───── Data excerpt

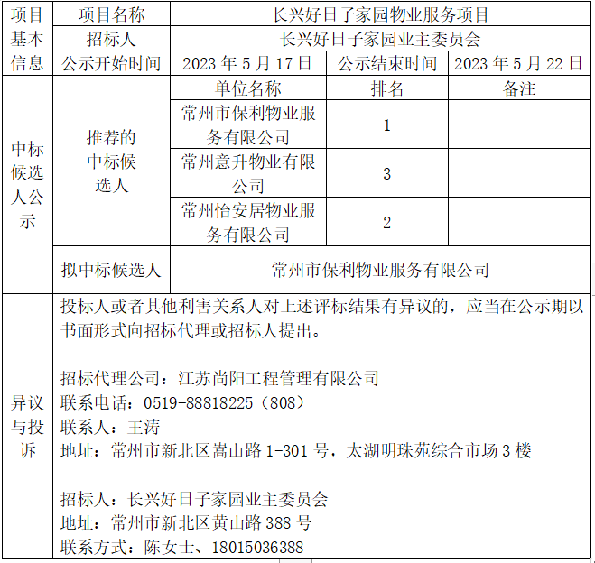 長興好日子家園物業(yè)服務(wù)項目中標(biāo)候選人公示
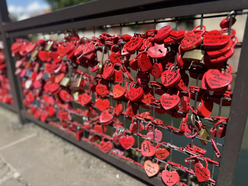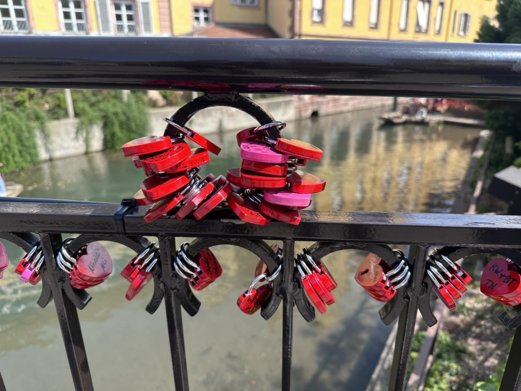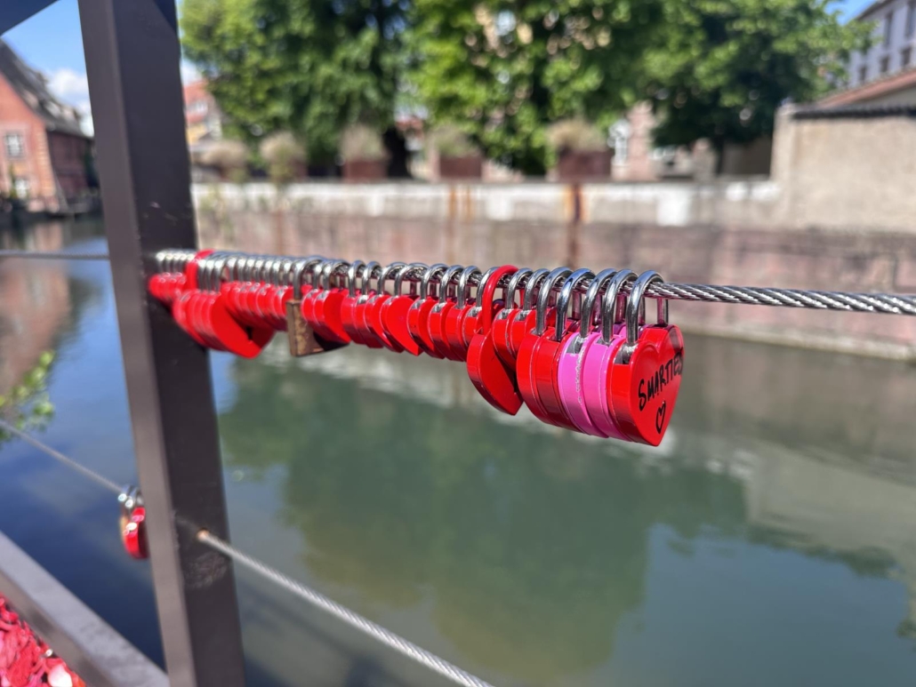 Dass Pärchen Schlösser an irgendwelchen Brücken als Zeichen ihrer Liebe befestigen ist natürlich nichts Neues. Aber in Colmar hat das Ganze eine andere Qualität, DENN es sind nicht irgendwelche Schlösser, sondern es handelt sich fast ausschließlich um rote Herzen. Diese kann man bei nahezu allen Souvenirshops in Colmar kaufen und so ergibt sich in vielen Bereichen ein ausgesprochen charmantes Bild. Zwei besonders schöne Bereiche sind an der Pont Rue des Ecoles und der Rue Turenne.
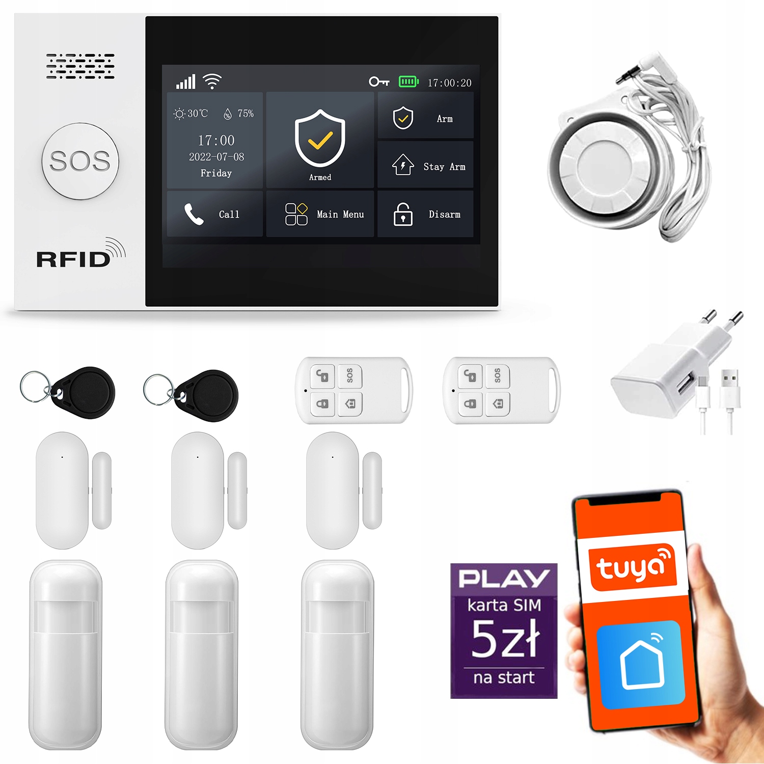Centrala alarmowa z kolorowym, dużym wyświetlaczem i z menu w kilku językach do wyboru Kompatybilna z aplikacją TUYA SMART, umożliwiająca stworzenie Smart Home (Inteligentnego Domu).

──────────

- Exercise -
Retyping is limited to the line with "Dass Pärchen Schlösser" and the lines after it in the material above; give them exactly and leave out the pictures.

- Final answer -
 Dass Pärchen Schlösser an irgendwelchen Brücken als Zeichen ihrer Liebe befestigen ist natürlich nichts Neues. Aber in Colmar hat das Ganze eine andere Qualität, DENN es sind nicht irgendwelche Schlösser, sondern es handelt sich fast ausschließlich um rote Herzen. Diese kann man bei nahezu allen Souvenirshops in Colmar kaufen und so ergibt sich in vielen Bereichen ein ausgesprochen charmantes Bild. Zwei besonders schöne Bereiche sind an der Pont Rue des Ecoles und der Rue Turenne.
Centrala alarmowa z kolorowym, dużym wyświetlaczem i z menu w kilku językach do wyboru Kompatybilna z aplikacją TUYA SMART, umożliwiająca stworzenie Smart Home (Inteligentnego Domu).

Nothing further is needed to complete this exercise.